What the Establishment Gets Wrong About This Appointment

Harmeet Dhillon is being promoted to a high-profile position within the Department of Justice, per a Daily Wire exclusive citing sources familiar with President Trump's plans. The announcement has not gone through official channels yet, but the people who have already decided they hate it — and they are numerous, and they are vocal — are revealing something important about themselves with the speed of their reaction.

Dhillon is a civil rights attorney. A Sikh American woman who graduated from Dartmouth and the University of Virginia School of Law. A former San Francisco Republican Party chair who practiced in a city that treated her politics like a communicable disease and didn't stop practicing. She litigated against COVID lockdown policies when litigating against COVID lockdown policies required a certain kind of nerve. She represented clients the legal establishment considered radioactive, in venues that considered her radioactive, and she won.

That resume is, depending on your priors, either evidence that she is qualified for a significant DOJ role or evidence that she is dangerous. The critics have chosen the second option with remarkable efficiency. I'd note that the same critics spent four years telling us the DOJ needed to be more aggressive in protecting civil rights. They apparently meant a specific subset of civil rights, enforced in a specific direction. When the instrument of enforcement changes hands, the enthusiasm for aggressive enforcement disappears with remarkable speed.

The Civil Rights Division and the Question of Consistent Principles

The Department of Justice Civil Rights Division was created by the Civil Rights Act of 1957. Its mandate is to enforce federal statutes prohibiting discrimination on the basis of race, sex, national origin, religion, and disability. That mandate is neutral on its face. The application has not always been neutral.

Under the previous administration, the Civil Rights Division pursued cases against school districts that maintained single-sex policies, against employers who maintained practices that produced disparate racial outcomes, and against states that enacted voting laws that the Division determined had disparate impact — regardless of intent. These are all legitimate uses of the Division's authority, if you believe the legal theories underlying them.

The consistent application of those same legal theories — disparate impact analysis, aggressive enforcement of anti-discrimination statutes, vigorous investigation of institutional practices that disadvantage protected classes — could look quite different when applied by a DOJ leadership that reads the protected class list more broadly. Viewpoint discrimination against conservatives in university settings. Anti-religious discrimination in federal employment. The application of equal protection principles to government programs that explicitly sort by race.

Harmeet Dhillon has litigated exactly these kinds of cases. That's the point. The people objecting to her appointment are objecting to the consistent application of principles they claim to support. That inconsistency is the story.
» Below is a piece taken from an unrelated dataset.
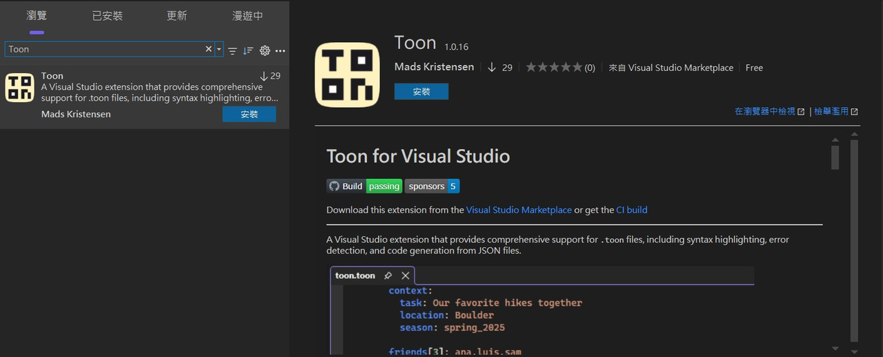 今天剛好看到一個 Visual Studio 的擴充套件 可以直接開啟 TOON 格式

Personnel Is Policy, and This Is the Policy

The Trump administration's theory of DOJ reform is not subtle. It holds that the department has been operated as an instrument of one political coalition, that the professional class within it has resisted political direction in ways that are constitutionally problematic, and that the correction requires placing people with genuine ideological commitment — not just technical competence — in positions of authority.

That theory is contestable. Serious people disagree about the appropriate relationship between political appointees and career DOJ staff. Those are real questions worth arguing about. But the argument needs to happen at the level of principle, not at the level of "this particular appointment is illegitimate because we don't like this particular appointee's politics."

Harmeet Dhillon is qualified. She is a member of the California bar in good standing. She has litigated federal civil rights cases. She has run large organizations. The objections to her appointment are objections to her politics dressed up as objections to her credentials, and the dressing is thin. She will be a good attorney in whatever role she is assigned. And the people she will be pursuing — using the same legal tools that have been pointed in other directions for years — will have no legitimate procedural complaint about the process. Just the target.

That was always the plan. And it's working.